[[ TASK INPUTS open ]]

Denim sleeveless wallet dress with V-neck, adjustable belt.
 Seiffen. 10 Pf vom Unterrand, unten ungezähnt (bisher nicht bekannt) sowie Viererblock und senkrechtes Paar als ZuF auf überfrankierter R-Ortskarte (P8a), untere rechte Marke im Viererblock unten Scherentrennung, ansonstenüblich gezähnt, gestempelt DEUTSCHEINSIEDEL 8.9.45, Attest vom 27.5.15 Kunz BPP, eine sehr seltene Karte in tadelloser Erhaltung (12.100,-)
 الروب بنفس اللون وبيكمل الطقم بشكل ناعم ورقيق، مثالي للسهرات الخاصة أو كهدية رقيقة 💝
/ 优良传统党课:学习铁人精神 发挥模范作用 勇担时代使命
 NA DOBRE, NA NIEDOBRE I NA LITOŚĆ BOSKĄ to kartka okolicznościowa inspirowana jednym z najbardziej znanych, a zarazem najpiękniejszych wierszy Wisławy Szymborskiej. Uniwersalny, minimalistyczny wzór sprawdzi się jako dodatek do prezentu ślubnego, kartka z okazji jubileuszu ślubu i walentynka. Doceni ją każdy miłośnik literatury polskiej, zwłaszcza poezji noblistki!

[[ TASK INPUTS closed ]]
[[ TASK INPUTS open ]]

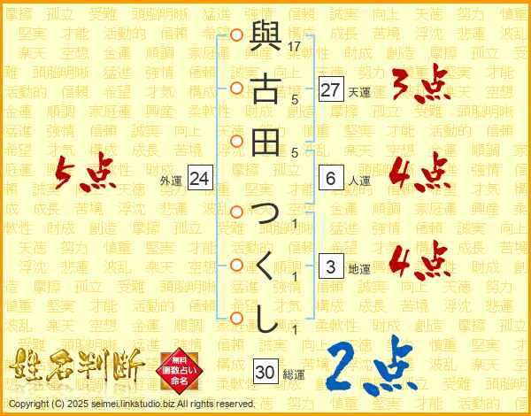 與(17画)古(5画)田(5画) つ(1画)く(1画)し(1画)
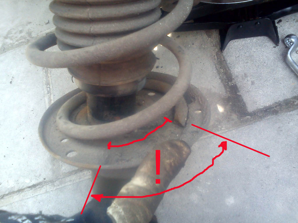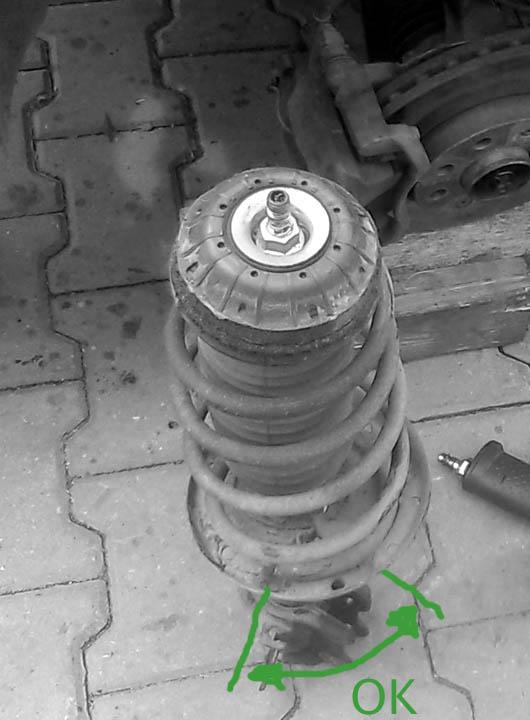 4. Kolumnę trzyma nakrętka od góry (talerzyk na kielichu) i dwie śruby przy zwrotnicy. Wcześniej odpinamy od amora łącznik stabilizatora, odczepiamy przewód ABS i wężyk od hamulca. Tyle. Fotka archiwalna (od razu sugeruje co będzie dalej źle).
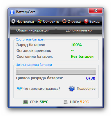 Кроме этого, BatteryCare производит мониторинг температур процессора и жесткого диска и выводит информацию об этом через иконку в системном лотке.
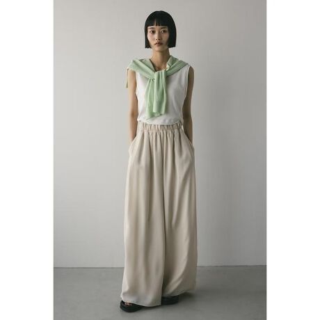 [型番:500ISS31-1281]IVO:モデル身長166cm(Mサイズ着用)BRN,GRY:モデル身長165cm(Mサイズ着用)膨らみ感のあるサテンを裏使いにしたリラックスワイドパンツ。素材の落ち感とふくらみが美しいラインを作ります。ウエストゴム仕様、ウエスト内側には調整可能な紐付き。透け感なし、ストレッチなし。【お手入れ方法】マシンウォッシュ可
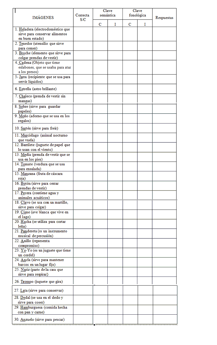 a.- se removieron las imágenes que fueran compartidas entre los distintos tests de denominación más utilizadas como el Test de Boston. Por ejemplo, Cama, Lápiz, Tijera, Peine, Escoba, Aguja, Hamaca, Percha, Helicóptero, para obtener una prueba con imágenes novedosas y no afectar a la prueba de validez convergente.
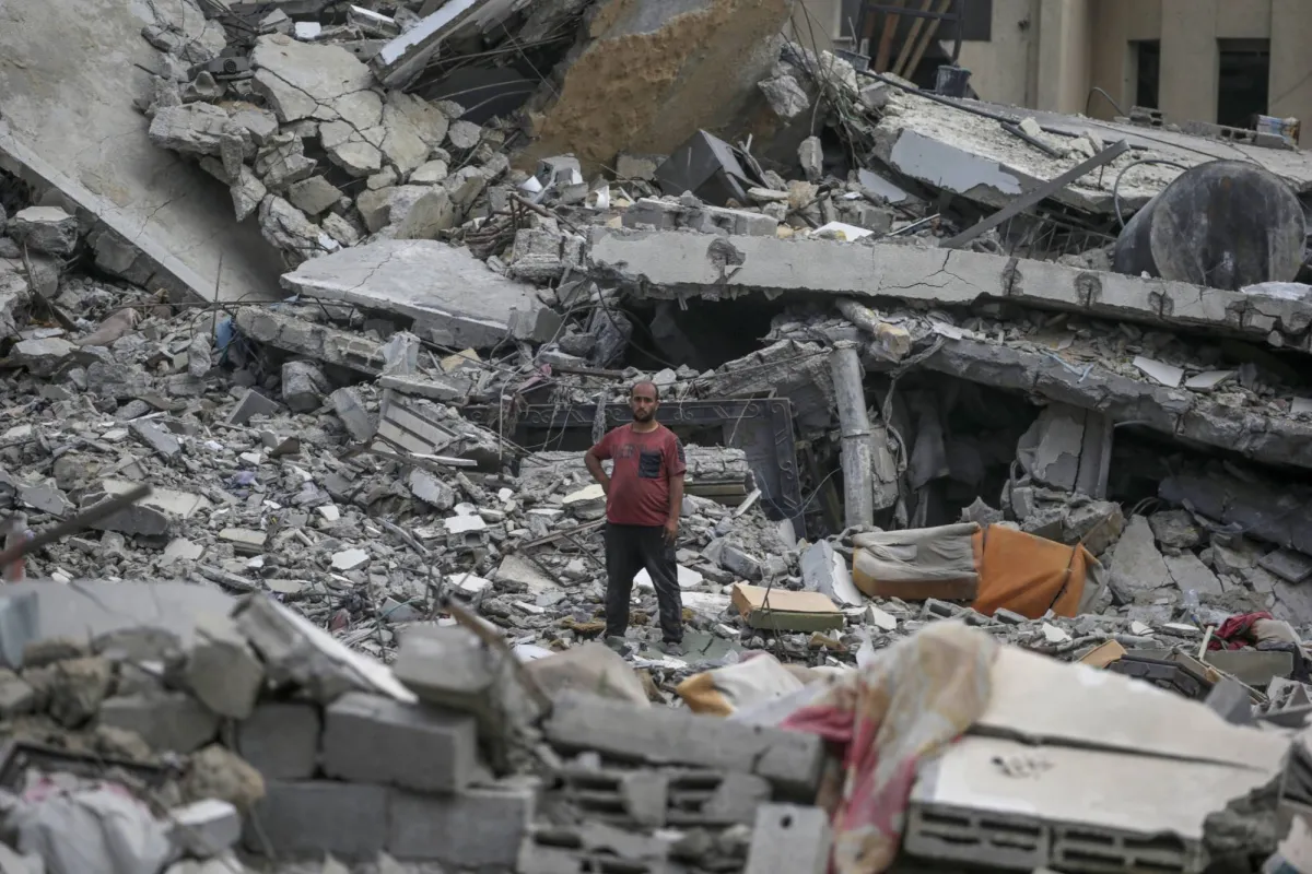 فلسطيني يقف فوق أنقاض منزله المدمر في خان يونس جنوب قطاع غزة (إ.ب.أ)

[[ TASK INPUTS closed ]]

## REQUIREMENT
Among the entries above, locate the line with "4. Kolumnę trzyma" and the line with "Кроме этого, BatteryCare". Give those two lines and all lines between them again, exactly, leaving out the pictures.

## PROBLEM SOLUTION
 4. Kolumnę trzyma nakrętka od góry (talerzyk na kielichu) i dwie śruby przy zwrotnicy. Wcześniej odpinamy od amora łącznik stabilizatora, odczepiamy przewód ABS i wężyk od hamulca. Tyle. Fotka archiwalna (od razu sugeruje co będzie dalej źle).
 Кроме этого, BatteryCare производит мониторинг температур процессора и жесткого диска и выводит информацию об этом через иконку в системном лотке.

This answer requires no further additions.